Global capacity for clinical research in nephrology: a survey by the International Society of Nephrology.

Ikechi G Okpechi1,2, Mona Alrukhaimi3, Gloria E Ashuntantang4, Ezequiel Bellorin-Font5, Mohammed Benghanem Gharbi6, Branko Braam7, John Feehally8, David C Harris9, Vivekanand Jha10,11, Kailash Jindal7, David W Johnson12,13,14, Kamyar Kalantar-Zadeh15, Rumeyza Kazancioglu16, Adeera Levin17, Meaghan Lunney18, Timothy Olusegun Olanrewaju19, Vlado Perkovic20, Jeffrey Perl21,22, Harun Ur Rashid23, Eric Rondeau24,25, Babatunde Lawal Salako26, Arian Samimi7, Laura Sola27, Irma Tchokhonelidze28, Natasha Wiebe7, Chih-Wei Yang29, Feng Ye7, Alexander Zemchenkov30,31, Ming-Hui Zhao32,33,34,35, Aminu K Bello7.   

Abstract

Due to the worldwide rising prevalence of chronic kidney disease (CKD), there is a need to develop strategies through well-designed clinical studies to guide decision making and improve delivery of care to CKD patients.

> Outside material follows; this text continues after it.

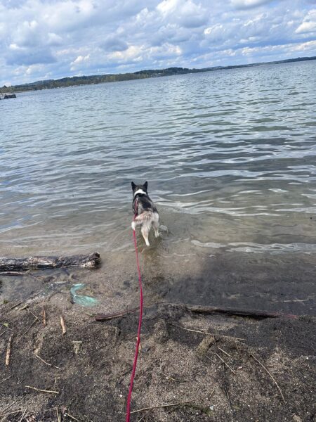 Patricia und Kirana waren derweil in Richtung Bernau unterwegs. Am Medical Park war nicht so viel los, so war ganz viel Platz zum Herumschnüffeln. Gebadet hat Kirana natürlich auch, ansonsten war sie viel mit der Nase im Boden, da hat irgendetwas offensichtlich super spannend gerochen. 🙂
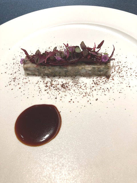 仔鴨、セップ茸のピュレ、パテの葡萄の葉包、ポレンタ、玉蜀黍

A cross-sectional survey was conducted based on the International Society of Nephrology Global Kidney Health Atlas data. For this study, the survey assessed the capacity of various countries and world regions in participating in and conducting kidney research. Availability of national funding for clinical trials was low (27%, n = 31), with the lowest figures obtained from Africa (7%, n = 2) and South Asia (0%), whereas high-income countries in North America and Europe had the highest participation in clinical trials. Overall, formal training to conduct clinical trials was inadequate for physicians (46%, n = 53) and even lower for nonphysicians, research assistants, and associates in clinical trials (34%, n = 39). There was also diminished availability of workforce and funding to conduct observational cohort studies in nephrology, and participation in highly specialized transplant trials was low in many regions. Overall, the availability of infrastructure (bio-banking and facilities for storage of clinical trial medications) was low, and it was lowest in low-income and lower-middle-income countries. Ethics approval for study conduct was mandatory in 91% (n = 106) of countries and regions, and 62% (n = 66) were reported to have institutional committees. Challenges with obtaining timely approval for a study were reported in 53% (n = 61) of regions but the challenges were similar across these regions. A potential limitation is the possibility of over-reporting or under-reporting due to social desirability bias. This study highlights some of the major challenges for participating in and conducting kidney research and offers suggestions for improving global kidney research.

Entities:  

Year:  2018        PMID: 30675442      PMCID: PMC6336214          DOI: 10.1016/j.kisu.2017.10.012

Source DB:  PubMed          Journal:  Kidney Int Suppl (2011)        ISSN: 2157-1716


  2 in total

Review 1.  Nephrology in South Africa: Not Yet ubuntu.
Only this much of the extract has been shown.